[[ DATA EXTRACTS, beginning ]]

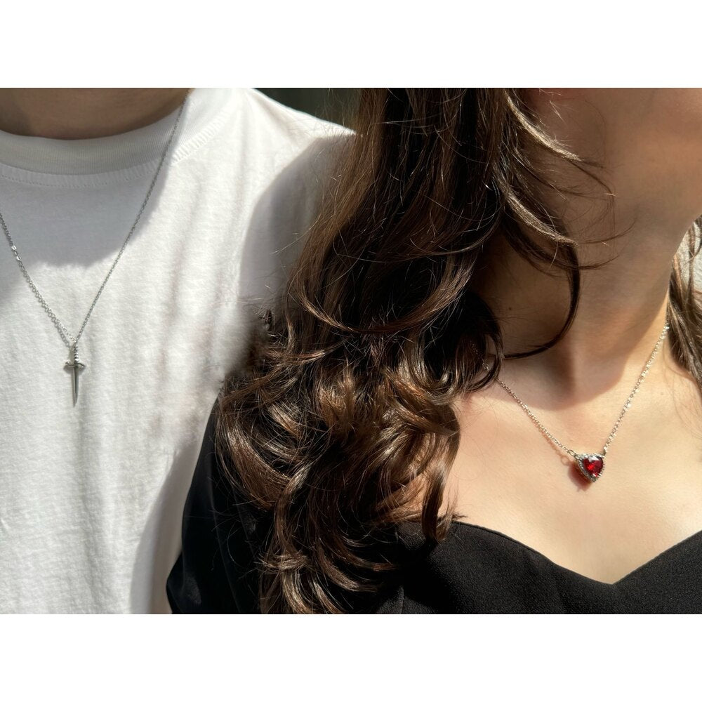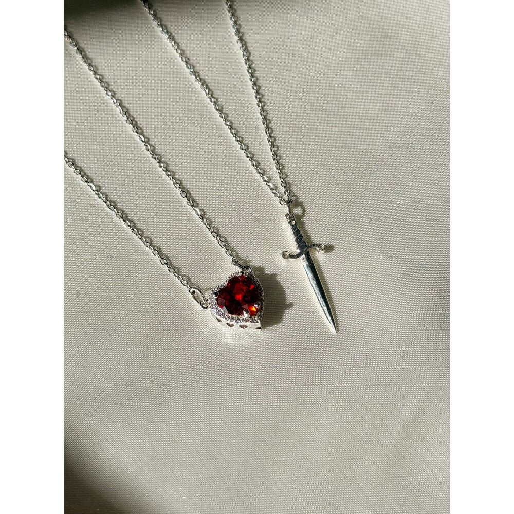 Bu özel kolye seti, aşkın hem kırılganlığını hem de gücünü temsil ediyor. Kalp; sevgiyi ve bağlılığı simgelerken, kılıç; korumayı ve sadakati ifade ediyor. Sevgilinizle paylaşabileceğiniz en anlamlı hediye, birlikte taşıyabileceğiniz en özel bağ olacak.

[[ DATA EXTRACTS, end ]]
[[ DATA EXTRACTS, beginning ]]

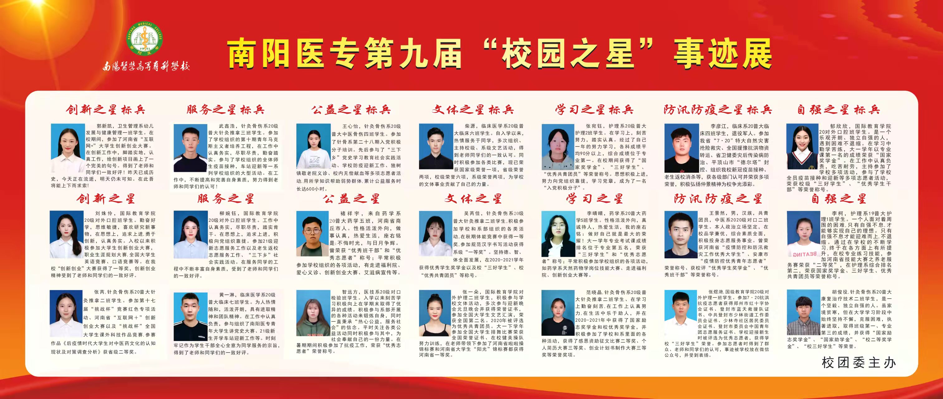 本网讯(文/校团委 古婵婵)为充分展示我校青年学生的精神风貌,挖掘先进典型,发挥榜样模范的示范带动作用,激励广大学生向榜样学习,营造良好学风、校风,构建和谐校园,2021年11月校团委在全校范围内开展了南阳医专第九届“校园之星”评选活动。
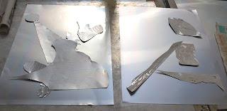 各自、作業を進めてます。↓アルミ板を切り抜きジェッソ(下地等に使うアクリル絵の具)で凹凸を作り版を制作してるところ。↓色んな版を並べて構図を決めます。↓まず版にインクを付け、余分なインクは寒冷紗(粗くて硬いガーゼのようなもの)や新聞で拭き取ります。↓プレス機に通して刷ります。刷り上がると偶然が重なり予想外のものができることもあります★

[[ DATA EXTRACTS, end ]]

▶ _EXERCISE GOAL_
Reproduce the data above exactly, but only from the line containing "本网讯(文/校团委 古婵婵)" through the line containing "各自、作業を進めてます。↓ア"; skip the pictures.

▶ _YOUR RESPONSE_
 本网讯(文/校团委 古婵婵)为充分展示我校青年学生的精神风貌,挖掘先进典型,发挥榜样模范的示范带动作用,激励广大学生向榜样学习,营造良好学风、校风,构建和谐校园,2021年11月校团委在全校范围内开展了南阳医专第九届“校园之星”评选活动。
 各自、作業を進めてます。↓アルミ板を切り抜きジェッソ(下地等に使うアクリル絵の具)で凹凸を作り版を制作してるところ。↓色んな版を並べて構図を決めます。↓まず版にインクを付け、余分なインクは寒冷紗(粗くて硬いガーゼのようなもの)や新聞で拭き取ります。↓プレス機に通して刷ります。刷り上がると偶然が重なり予想外のものができることもあります★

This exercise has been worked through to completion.